This documentation provides an overview of the LLMs (Large Language Models) for Robot Planning project. The project leverages state-of-the-art language models to enable robots to perform planning tasks more effectively and efficiently by adding human feeddback to the plan generation process. The project is split into 2 parts:
- Physical Evaluation
- Simulated Evaluation
The physical evaluation is involved with running the system on a Niryo robot arm. To run this evaluation you would need the Niryro robot arm as well as an Intel RealSense D435i image and depth camera. The robot will have to be connected to the same network as the control unit (which can be a laptop), while the camera will be physically connected to the control unit using a usb type c connection cable. Once the physical aparatus has been configured, the operator can then connect to the robot by speicfiying the robot's network ip address in the main.py file in the physicalevaluation\
directory.
The simulated evaluation involves the use of the VimaBench which uses the pybulltet simulator, to use this evaluation, install the requirements inside the simulated evaluation folder simulatedevaluation\requirements.txt
and set your API key in the simulatedevaluation\visual_programming_prompt\robot_exec_generation.py
file.
The primary objective of this project is to develop a system that integrates Large Language Models (LLMs) to enhance the planning capabilities of robots. LLMs, such as GPT-3.5, will be used to generate natural language instructions for robots and assist them in making intelligent decisions during planning and execution.
To set up and run the project, you will need the following:
- Robot hardware with necessary sensors and actuators
- A computer with a compatible operating system (Linux, Windows, macOS)
- Python 3.x
- Required Python libraries (e.g., TensorFlow, PyTorch, Hugging Face Transformers)
- OPEN AI KEYS
- Internet connection (for model access)
The system architecture consists of the following components:
-
Robot Hardware: This includes the physical robot equipped with sensors and actuators for interaction with its environment.
-
LLM Integration: A pretrained LLM (e.g., GPT-3.5) is integrated into the system. The LLM can generate natural language instructions and assist with decision-making.
-
Planning Module: The planning module is responsible for receiving input from the LLM, interpreting it, and generating high-level plans for the robot's tasks.
-
Execution Module: The execution module takes the plans generated by the planning module and translates them into low-level control signals for the robot.
To install and set up the project, follow these steps:
-
Clone the project repository from GitHub: git clone https://github.com/asuzukosi/ned_lang.git
-
Install the required Python dependencies using
pip
: -
Obtain access to a pretrained LLM model (e.g., GPT-3.5) and set up the API credentials or connection as needed.

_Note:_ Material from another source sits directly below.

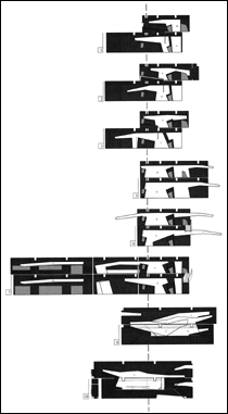 Tavares Pereira (An)notations 1. Serene The site plan1, of impeccable elegance, depicts - or presents - a considerably sloped plot crossed by a diagonal trail. From the complexity and richness of reality, a decision was taken to represent pathways, contour curves and property lines. Three elements define the context where the project is set. Standing out. Those elements2 are evenly represented, with the exact same criteria. A delicate and regular etching over which the project appears at the center of the image. Clear-cut. This identification process can only happen if the observer is familiar with the representational system and its subtleties. If the observer doesn´t recognize the tracing as a contour level, as a road, as with what is supposed to represent, the drawing loses its implicit architectural meaning. Another site plan, another project3, two lines only support the relationship between object and context. They´re even simpler, more austere and enigmatic. Nevertheless they accurately accomplish the task of providing significance to the project - establishing it in a planimetrical framework - and to the drawing - balancing and composing it, grouping distinct elements so they appear as a whole. Getting back to the original drawing the perfect equilibrium of the composition should be stressed: the project and weightier elements at the center, the homogeneous tracing spread all over the sheet with evenly distributed irregularities, sketching balanced axis of organization. The volumetric composition of the house4 is given through the three-dimensional illusion created by the projection of the volumes shadows, stark black, on the horizontal planes. Following conventions, if the drawing is oriented North, the sunlight incidence angle locates its position on a late Summer afternoon. Being so low, the shadow should extend far beyond what is represented. The shadow depiction does not translate its own reality. It is a symbol, adjusted to its communication necessities. A narrative device used to reveal the house massing. We can imagine, at the moment of representation, how it became evident the need to overcome reality, since the southward sunlight incidence would not produce shadows on the roof, thus diminishing the visual impact and perception of the volumetric variations. The expressive coherence converges to communicate an emphatically volumetric architecture with unmistakable predominance of edges and plans. Volumes clearly mark the limits between interior and exterior. Their wise and harmonious interplay is animated by the contrast of light and shadow, the essence of architecture as Le Corbusier put it. How can we explain then, why the extended canopy over the room windows - a protector against harsh sunrays - is not set free of that surface and, instead, prolongs the lateral and roofing plans thus subverting the clear interior/exterior distinction? That element, hinting at an autonomy not given to it, fractures the perception of the project as volume its representation foretold. In the Alenquer project, the house is presented under two distinct conditions: related to the context and, afterwards only5, as an autonomous object. As an object the house is built by the elaborate definition and compliance of rules - self-justified by clarity, but arbitrary in origin6 - ordering the formal definition of volumes and their associative logic in a generative process apparently autonomous of the context. A set of simple, rectangular, container-like volumes of constant section is disposed in orthogonal manner; they juxtapose and balance themselves as if they were independent masses7. The section of the volumes is constant; the length varies. The expressiveness sections acquire in representation is also constant: walls, roof and floors are equivalent. The same stroke, the same continuous line. We can rotate or invert the drawing; it still makes sense. The openings on the containers do not work as windows but as plans, facets defined by the volumes edges. Openings are absences of a facet, always on its shorter side. Other rules forbid contiguous openings, either vertically or horizontally, and each container must point to opposite directions. But the penetration of volumes housing the program takes on an associative logic not unlike the intertwining of DNA molecules8. The house as genetic structure. The concern put into the representation of the project, its specific context, indicates on the other hand a merging of object autonomy and contextual relationships in the project. The building is represented in its relation with urban morphology and topography. Liberated, because of its distinct expression in section, the existing represented in gray, the project in black. The study in plan and section of the surroundings and ruins is crucial to its placement9. In plan it barely fits, tangent, providing additional tension. The longitudinal axis is aligned parallel to the lengthiest wall, distant enough to benefit from the light entrance, to breathe. While on the opposite side; a tangent volume to the wall purposely "scratches" the strategy. A dialogue between all the facets arises, constantly testing the limits of the site. A strained equilibrium is set by proximity and contending volumetric interplay. Tension is then the strategy to occupy a compact site with an objectual architecture. In profile, the tracing indicating the sloped street projection underlines the stable condition of the terrain where the house lands. The sensitive response of liquid bodies to the horizontal condition supplies an explicit sense of tranquility to all liquid surfaces resting. The presence of water inside the enclosed site10 is connected to this strategy. The tranquility welcoming the new object comes from the horizontal condition of the site, in opposition to the dynamic slope of the surroundings. Architecture is either contextual or it isn´t. Permeable11, opens itself to the alert or curious passer-by. Impossibly sla

To use the system, follow these general steps:
-
Configure the robot hardware and ensure it's connected to the system.
-
Start the system, including the LLM integration, planning module, and execution module.
-
Provide tasks or queries to the system in natural language.
-
The LLM generates instructions, and the planning module interprets them to create high-level plans.
-
The execution module translates high-level plans into low-level commands for the robot to carry out the tasks.
-
Monitor and fine-tune the system's behavior as needed.
Here are some examples of how to use the system:
- User Input: "Pick up the red ball and place it on the table."
- LLM Output: "The red ball should be picked up and placed on the table."
- System Execution: The robot follows the instruction to pick up the red ball and place it on the table.